Facebook issued its ban on RT’s materials on Wednesday, after the press conference, and was scheduled to be lifted on Saturday evening, after Donald Trump’s inauguration. But after some commotion, RT’s feed was actually restored Thursday morning.
Disagreement now persists as to why RT was actually banned — with the network’s defenders claiming the timing is all too convenient for so simple an explanation as copyright issues.
“We were blocked while livestreaming Obama’s final press-conference. Such things happen because (for ex.) some other news media livestreams carry the same shots and feed, and Facebook considers this a copyright violation,” the network said in a statement on its Facebook page.
According to the Associated Press, Facebook instituted the ban after Current Time TV issued a cease and desist request to Facebook, claiming that RT had pirated their White House live stream.
Current Time TV told RT that it issued no such demands, and RT says that it was using the Associated Press‘s direct live stream link, and that it had obtained all necessary rights to do so. According to RT, the Associated Press agrees.

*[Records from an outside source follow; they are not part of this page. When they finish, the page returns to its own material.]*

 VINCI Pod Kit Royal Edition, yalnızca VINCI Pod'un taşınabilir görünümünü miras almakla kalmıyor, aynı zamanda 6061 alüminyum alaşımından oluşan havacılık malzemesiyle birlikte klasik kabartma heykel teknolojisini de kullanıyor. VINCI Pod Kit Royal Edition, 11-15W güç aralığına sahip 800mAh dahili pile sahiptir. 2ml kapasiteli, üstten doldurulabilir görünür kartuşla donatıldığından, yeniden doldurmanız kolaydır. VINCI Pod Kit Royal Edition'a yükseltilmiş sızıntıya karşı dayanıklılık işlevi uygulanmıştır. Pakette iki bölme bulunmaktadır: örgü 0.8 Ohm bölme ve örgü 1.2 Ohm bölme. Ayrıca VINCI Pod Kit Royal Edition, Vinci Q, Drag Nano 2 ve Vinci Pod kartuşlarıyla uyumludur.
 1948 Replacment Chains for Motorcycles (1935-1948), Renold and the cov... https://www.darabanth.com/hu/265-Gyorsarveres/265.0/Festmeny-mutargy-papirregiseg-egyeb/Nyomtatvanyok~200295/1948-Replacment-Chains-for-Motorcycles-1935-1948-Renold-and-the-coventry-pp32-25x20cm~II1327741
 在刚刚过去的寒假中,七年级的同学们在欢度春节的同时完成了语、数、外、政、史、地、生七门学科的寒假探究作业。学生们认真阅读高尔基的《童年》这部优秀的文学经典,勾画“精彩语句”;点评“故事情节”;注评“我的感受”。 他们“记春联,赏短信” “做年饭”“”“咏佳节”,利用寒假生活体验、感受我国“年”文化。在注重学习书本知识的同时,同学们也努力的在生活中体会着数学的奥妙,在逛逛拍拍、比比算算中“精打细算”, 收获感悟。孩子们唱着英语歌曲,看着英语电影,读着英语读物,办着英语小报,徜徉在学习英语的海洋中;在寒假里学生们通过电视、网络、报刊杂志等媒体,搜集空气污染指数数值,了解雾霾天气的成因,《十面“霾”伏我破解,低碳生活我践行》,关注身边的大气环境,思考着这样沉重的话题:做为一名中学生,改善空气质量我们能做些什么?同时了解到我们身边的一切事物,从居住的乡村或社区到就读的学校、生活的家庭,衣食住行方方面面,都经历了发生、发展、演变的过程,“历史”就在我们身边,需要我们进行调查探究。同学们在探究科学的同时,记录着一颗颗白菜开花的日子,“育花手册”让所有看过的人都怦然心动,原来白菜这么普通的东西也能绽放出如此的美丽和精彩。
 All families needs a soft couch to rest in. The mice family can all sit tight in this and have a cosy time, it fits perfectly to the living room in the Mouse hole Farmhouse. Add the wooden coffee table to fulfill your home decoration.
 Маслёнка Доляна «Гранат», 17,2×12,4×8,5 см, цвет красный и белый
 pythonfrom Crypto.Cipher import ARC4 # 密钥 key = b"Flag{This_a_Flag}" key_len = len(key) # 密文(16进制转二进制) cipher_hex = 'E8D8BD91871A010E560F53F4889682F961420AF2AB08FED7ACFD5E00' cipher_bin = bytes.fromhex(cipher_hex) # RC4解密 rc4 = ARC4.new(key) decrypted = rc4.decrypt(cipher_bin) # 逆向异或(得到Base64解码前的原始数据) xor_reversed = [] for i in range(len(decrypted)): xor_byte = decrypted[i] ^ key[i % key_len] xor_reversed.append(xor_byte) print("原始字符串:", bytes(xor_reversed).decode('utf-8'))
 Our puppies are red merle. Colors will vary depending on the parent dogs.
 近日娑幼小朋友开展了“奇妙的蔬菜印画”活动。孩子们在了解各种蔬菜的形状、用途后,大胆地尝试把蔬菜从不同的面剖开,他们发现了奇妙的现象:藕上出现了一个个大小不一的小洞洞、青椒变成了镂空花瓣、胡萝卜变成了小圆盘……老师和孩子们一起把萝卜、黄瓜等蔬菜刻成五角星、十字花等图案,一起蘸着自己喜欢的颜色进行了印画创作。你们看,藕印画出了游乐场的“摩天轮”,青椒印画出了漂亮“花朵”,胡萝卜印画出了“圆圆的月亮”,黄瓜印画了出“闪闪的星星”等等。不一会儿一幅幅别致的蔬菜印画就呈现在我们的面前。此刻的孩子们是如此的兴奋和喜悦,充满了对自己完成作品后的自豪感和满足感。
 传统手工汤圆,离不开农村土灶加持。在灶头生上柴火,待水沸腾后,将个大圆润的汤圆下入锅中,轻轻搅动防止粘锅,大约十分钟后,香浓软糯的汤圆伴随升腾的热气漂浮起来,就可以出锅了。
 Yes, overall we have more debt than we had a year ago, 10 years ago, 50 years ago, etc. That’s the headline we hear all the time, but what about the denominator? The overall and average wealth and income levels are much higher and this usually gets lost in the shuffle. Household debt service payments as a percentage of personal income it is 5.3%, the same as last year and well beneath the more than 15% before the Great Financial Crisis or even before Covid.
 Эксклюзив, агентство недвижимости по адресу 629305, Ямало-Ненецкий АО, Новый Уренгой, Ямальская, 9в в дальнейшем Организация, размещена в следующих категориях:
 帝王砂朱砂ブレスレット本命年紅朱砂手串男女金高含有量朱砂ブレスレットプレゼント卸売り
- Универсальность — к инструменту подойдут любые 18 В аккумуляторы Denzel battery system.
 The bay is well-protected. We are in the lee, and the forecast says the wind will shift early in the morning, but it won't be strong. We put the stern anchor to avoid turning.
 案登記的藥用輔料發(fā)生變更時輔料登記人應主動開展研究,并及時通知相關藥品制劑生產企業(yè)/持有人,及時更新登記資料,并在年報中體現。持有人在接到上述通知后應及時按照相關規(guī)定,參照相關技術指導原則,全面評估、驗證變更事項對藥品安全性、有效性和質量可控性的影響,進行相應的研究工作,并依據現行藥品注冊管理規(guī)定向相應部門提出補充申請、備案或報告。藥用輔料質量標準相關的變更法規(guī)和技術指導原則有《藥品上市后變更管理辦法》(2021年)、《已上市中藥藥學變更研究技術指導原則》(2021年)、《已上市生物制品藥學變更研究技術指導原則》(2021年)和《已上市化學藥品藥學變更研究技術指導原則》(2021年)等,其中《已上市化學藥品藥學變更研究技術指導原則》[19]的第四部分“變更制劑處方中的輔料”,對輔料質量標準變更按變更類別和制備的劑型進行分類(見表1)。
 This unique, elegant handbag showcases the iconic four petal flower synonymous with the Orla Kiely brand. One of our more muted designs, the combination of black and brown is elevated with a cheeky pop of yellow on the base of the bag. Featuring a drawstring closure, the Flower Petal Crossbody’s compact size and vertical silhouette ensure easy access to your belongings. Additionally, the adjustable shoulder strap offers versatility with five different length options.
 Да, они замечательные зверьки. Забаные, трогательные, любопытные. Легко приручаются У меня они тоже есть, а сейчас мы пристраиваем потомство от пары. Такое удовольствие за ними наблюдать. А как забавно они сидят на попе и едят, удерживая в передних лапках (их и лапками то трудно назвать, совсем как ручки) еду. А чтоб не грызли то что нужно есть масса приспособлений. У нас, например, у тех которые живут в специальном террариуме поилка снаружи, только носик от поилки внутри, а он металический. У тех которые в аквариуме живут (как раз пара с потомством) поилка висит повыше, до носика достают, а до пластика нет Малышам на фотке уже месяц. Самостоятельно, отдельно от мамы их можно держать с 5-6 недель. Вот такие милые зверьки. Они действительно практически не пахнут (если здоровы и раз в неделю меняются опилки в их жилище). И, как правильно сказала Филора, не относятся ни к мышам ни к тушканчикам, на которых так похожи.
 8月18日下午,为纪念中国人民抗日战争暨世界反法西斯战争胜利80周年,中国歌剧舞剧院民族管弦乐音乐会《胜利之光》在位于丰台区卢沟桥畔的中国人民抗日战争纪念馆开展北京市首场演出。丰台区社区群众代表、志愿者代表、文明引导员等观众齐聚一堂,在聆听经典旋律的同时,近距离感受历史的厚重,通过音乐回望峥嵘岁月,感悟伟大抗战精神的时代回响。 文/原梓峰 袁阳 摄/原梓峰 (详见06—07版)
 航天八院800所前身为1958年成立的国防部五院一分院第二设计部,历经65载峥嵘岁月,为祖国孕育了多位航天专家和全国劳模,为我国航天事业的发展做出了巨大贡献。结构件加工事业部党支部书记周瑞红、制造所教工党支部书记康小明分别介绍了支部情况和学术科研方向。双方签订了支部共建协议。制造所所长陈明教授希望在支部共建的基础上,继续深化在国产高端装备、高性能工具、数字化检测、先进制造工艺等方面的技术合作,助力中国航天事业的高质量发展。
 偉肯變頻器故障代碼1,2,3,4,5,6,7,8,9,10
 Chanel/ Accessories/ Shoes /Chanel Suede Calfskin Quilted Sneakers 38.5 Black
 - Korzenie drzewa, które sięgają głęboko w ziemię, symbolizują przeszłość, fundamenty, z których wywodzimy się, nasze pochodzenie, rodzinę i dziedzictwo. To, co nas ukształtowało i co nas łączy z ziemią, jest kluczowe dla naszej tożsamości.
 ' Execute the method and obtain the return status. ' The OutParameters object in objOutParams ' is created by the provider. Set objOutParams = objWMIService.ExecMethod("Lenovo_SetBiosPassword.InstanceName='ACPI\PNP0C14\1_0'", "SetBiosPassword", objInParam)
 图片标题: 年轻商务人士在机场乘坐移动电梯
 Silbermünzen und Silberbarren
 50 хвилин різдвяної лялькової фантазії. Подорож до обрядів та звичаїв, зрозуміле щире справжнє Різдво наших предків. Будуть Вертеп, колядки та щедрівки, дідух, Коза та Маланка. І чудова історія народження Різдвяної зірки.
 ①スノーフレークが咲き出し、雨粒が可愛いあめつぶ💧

RT says it did not receive any official communications from Facebook itself.
Naturally, RT surmises that the US government was involved in cutting off its access to social media audiences, and that Facebook is part of a larger conspiracy. “I’m not surprised. If the Department of State could block oxygen to us, they would do it,” Margarita Simonyan, RT’s Editor-in-Chief claimed in an interview with RT’s television network.
Even if it’s a mistake, RT claims, it was “convenient.” “It might have been a mistake on FB’s part, however those mistakes often happen selectively with Russian users and journalists,” commented Russian journalist Timur Sharif.
While RT has a presence in the United States — its television network is carried by most major cable providers and it has an English-language website — its audience in America is still relatively small.
But it is funded by the Kremlin, and in the wake of allegations that the Russian government tipped the scales to Donald Trump, intelligence sources have claimed it was part of a “disinformation” campaign targeted at American social media users.